Two planning applications made by the owner of a holiday homes park in a Herefordshire village have been sharply criticised for containing “discrepancies, misinformation, and missing information”.
Wigmore parish council agreed at an extraordinary meeting to put its concerns to Herefordshire Council, which will shortly rule on the bids by the owner of the Castle Inn mobile home park in the village.
One seeks permission for four mobile home pitches on part of the inn’s garden, which the council voted unanimously to object to for several reasons including design and access, which “are completely out of keeping with our conservation area”, council vice chairman Gwen Fraser said.
Councillors also agreed to raise concerns about issues of privacy, drainage, the lack of an ecological survey and the absence of an existing public right of way on the submitted plans.
The second application was for retrospective permission for a further four pitches already developed since May, though according to council chairman Nick Davidson: “These simultaneous but different applications are difficult to differentiate from each other and from what was done previously.”

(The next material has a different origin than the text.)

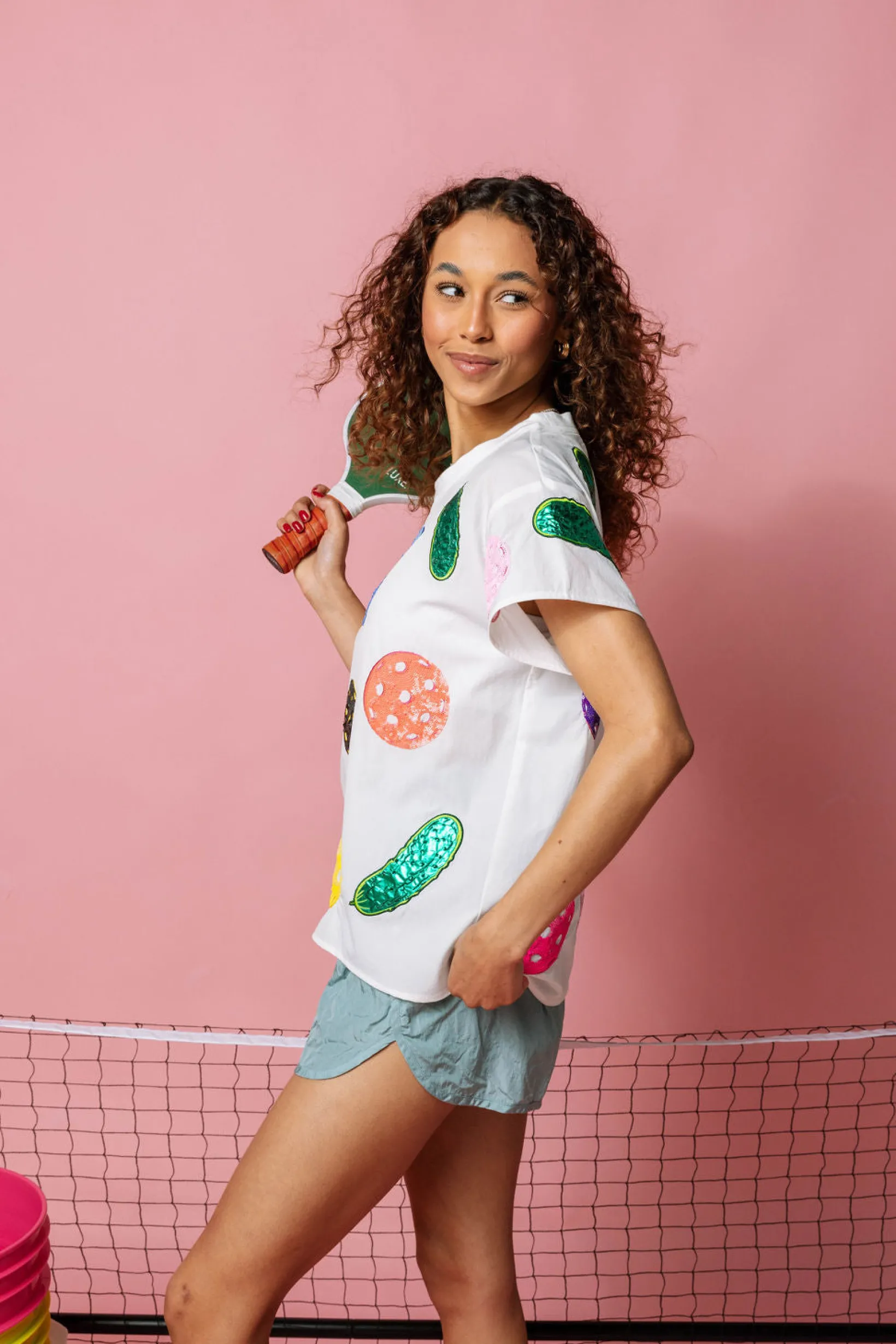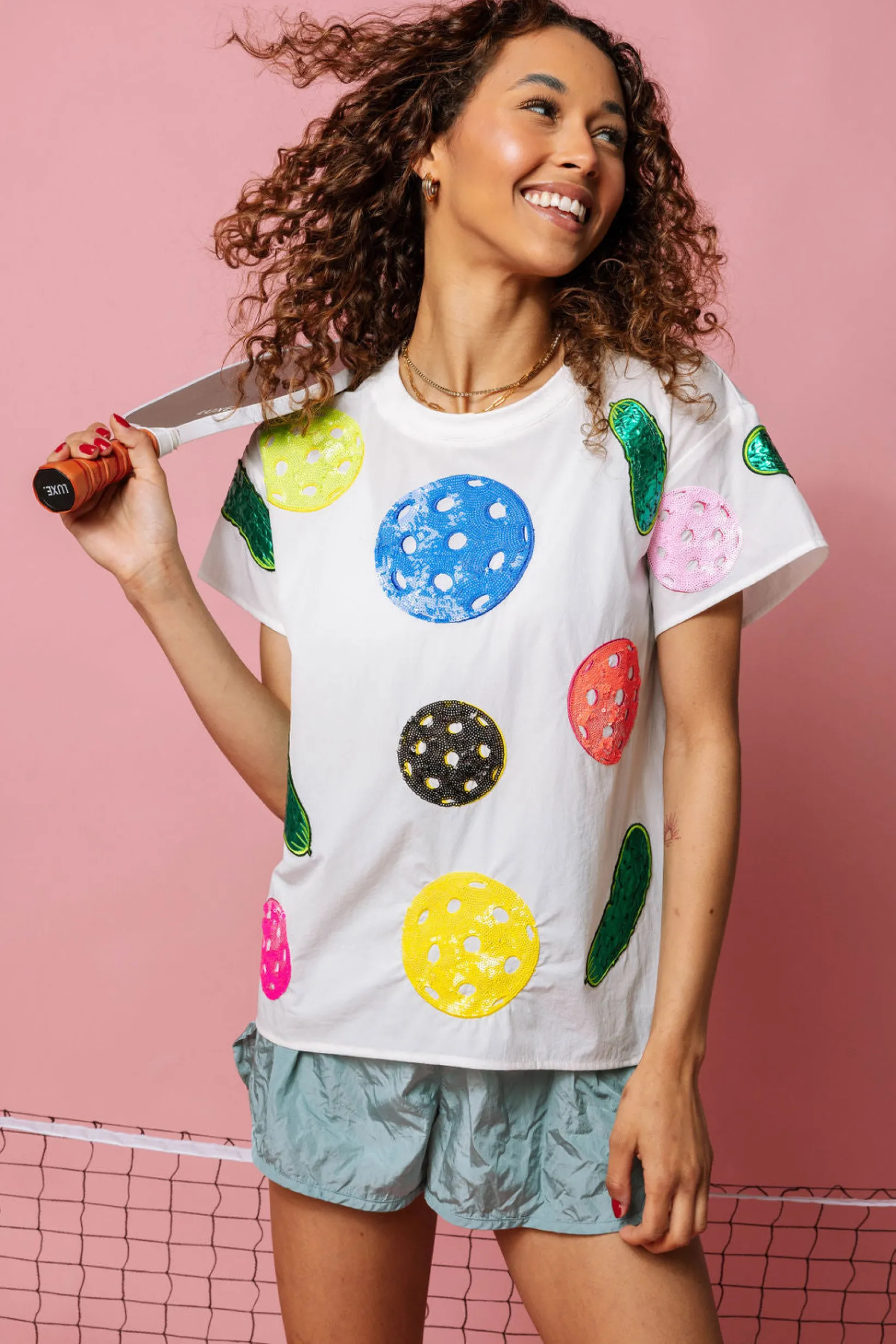 Serve up some fun with this White Multi Pickle Ball Active Tee. Its eye-catching pickleball design will make every game a hit. A perfect blend of style and functionality, this tee is bound to lob over the competition. Game on!✨💋

This was submitted on a form for a fresh development bid, which he said was misleading – for example the statement that there were no trees or hedges on the site was only true because those previously screening the site had been removed.
The design statement accompanying the bid said an avenue of specimen trees would “compensate for the loss of natural landscape features, which were removed by the previous owners of the site”.
But this was disputed both by a neighbouring resident and by Coun Davidson, who said date-stamped Google Earth images showed the vegetation still in place after May last year.
The images also appeared to show nine plots on the east side of the park, rather than the eight originally approved in 2007, which he said “should be raised with planning enforcement”.
Herefordshire Council confirmed it had taken no enforcement action against the mobile home park.
Coun Davidson added: “The bar for retrospective permission has to be set high – otherwise we set a dangerous precedent for the rest of the county and the country.”
Coun John Williams said: “I am happy with the idea of what they’re doing but they need to address these issues.”
Consultation on the retrospective planning application drew 11 objections by the closing date of last Friday.
Ward councillor Carole Gandy said: “On the basis of the number of objections I can ask for a redirection so it goes to the planning committee.”